Not really for looks or finish as we already covered. Wanting to listen to low-power amps could be a good first reason. It's simply no requirement. Not wanting to listen bloody loud whilst still getting a full dose of the musical message could be another. Here the Dubh seems better than most multi-ways though the sadly departed Albedo Aptica was an exception and at least its equal. Whilst the Dubh stages very well sorted, so do scores of others, particularly those keen in the time domain. To get directly at the Sonus faber Venere which I reviewed last year, the Dubh pulls ahead on crisp transients. It's more defined/refined at focusing down hard and locking in the very beginnings of sonic events. This creates rhythmic integrity and tension. Even complex beat patterns remain clear as day. Percussion madness à la Trilok Gurtu, Zakir Hussain, Bolokada Conde or Turkish djembe quartets fires on all cylinders with brand-new spark plugs. Here the Italians are lazier. Less exacting. Softer. Blurrier and fatter.

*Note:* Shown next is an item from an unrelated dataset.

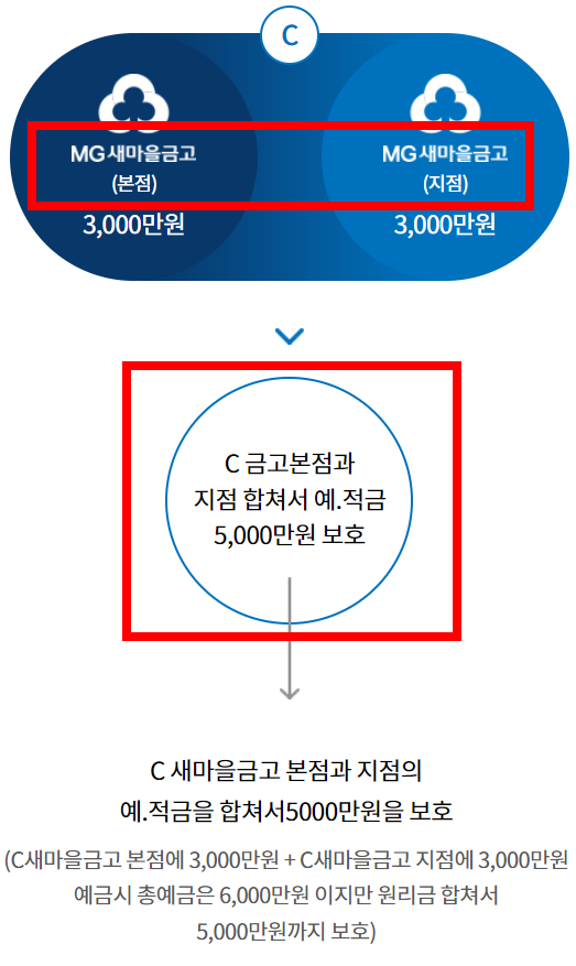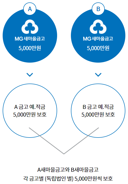 그러나 다른 새마을금고인 B 새마을금고에 5천만원을 예금하면 A 새마을금고와 B 새마을금고는 서로 다른 법인이므로 각각 5천만원씩 총 1억원까지 보상을 받을 수 있습니다. 예금액이 큰 경우라면, 새마을금고부도위험을 고려하여 예금자보호가 가능하도록 분산하여 예금하시는 지혜가 반드시 필요합니다.

Good off-axis dispersion makes for fully centred stereo even in these seats.

The same leaning in closer happens to vocals. Here it's not about percussive rigour. It's about small accents from volume shifts. It's how breaks and inflections subdivide phrasing. Those aren't hesitations and rushes of timing but changes in amplitude. This uneven weighting is often accompanied by timbre modulations. The Dubh was keener in the amplitude domain, less so on harmonic changes but still good. Greatness occurred in the density of depth layering. There wasn't just close, middle and back. There were far greater more closely stacked variations over distance. Such very specific distance mapping tends to accompany speakers which—as much as they can—are true in the time domain. Here single drivers have an obvious advantage. To chase it with multi-way crossovers gets a lot trickier. The very best come close. The Dubh's off-axis response was high enough to incur no perspective shifts when instead of one dead-center chair two chairs took its place to have neither in the exact sweet spot. At least for two listeners you can thus arrange your space as a living room and still have perfect stereo. That's a real benefit.